I arrived at North Country School in the fall of 1964. My brother Richard had graduated the previous year. We were the only two to go there. Richard had suffered from facial tics and bullying. His academic scores were no better than mine, but four and a half years at North Country School had transformed him from a floundering student to an intellectual force, going on to Choate, Harvard, and eventually Harvard Medical School to become a family doctor.

I admired Richard’s success and hoped for the same myself. I was terrified of leaving home but intrigued by the place that had helped my brother. Like him, I thrived in this environment where animals were part of daily life, math was learned as easily in the garden as in textbooks, art and chemistry were borrowed from the earth’s clay and minerals, and sheep’s wool found patterns in cloth. I became a weaver at North Country School and the school wove into me the discovery that learning can happen anywhere.

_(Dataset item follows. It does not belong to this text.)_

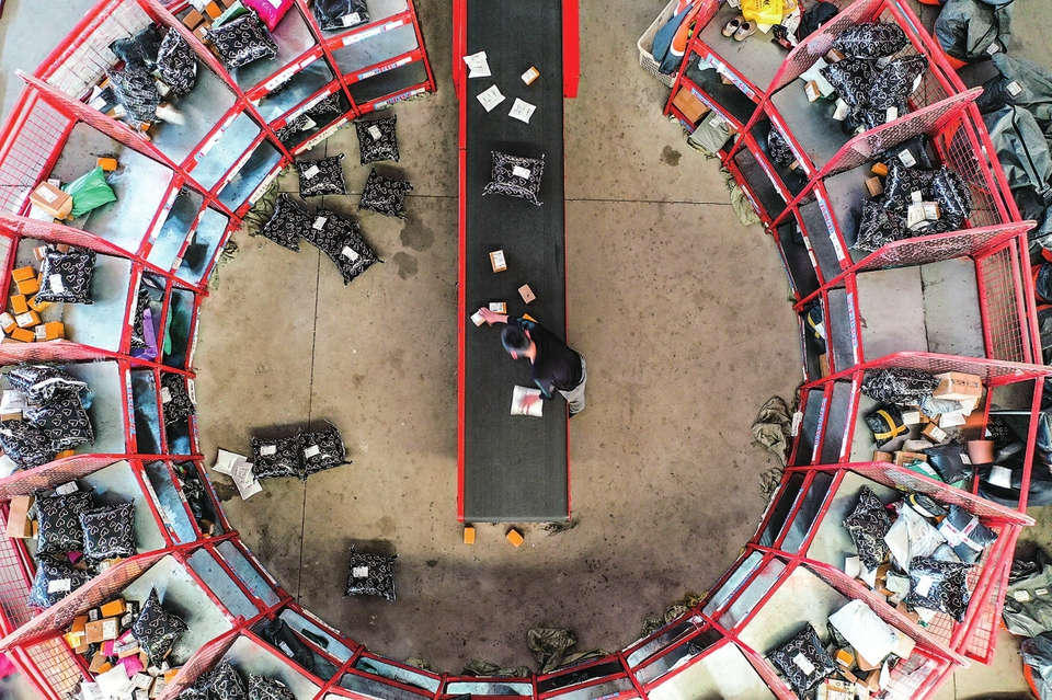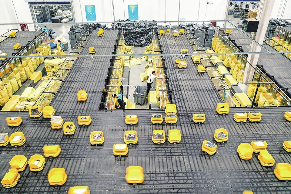 11月6日,工作人员在山东省宁阳县菜鸟智慧物流园内分拣快递商品(无人机照片)。新华社记者 朱峥 摄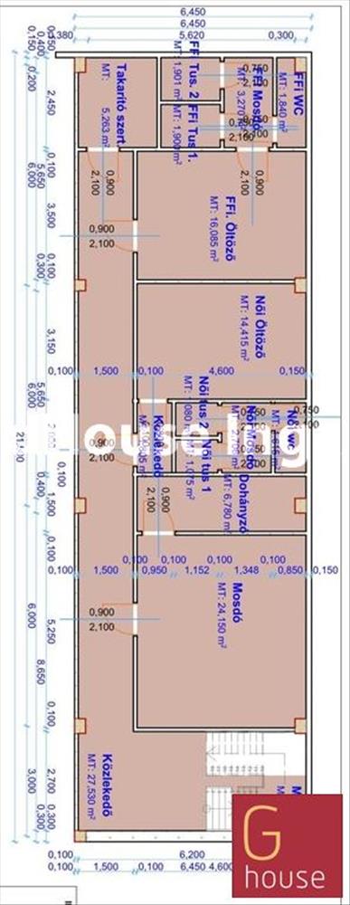 128 m² galérián kialakított szociális blokk (konyhával, öltözőkkel, mosdókkal, zuhanyzókkal)

Fear receded as small triumphs were celebrated. In October I won my first grand championship at the school horse show. Riding became a passion that I continue to this day. Blue ribbons gave me courage to wear the fierce persona of Captain Hook during the winter term play of Peter Pan. By spring, I gave my first piano recital in front of the whole school. These were not academic successes in the traditional sense, but they were fundamental to gaining self-confidence. In being acknowledged for them, I began to see a different person in the mirror. For the first time I dared to be curious, and in being curious I started to listen. If I did not know something, I could safely ask a question. In not being teased, criticized, or shamed for my ignorance, I grew to love questions as much as answers. I began to start life over again.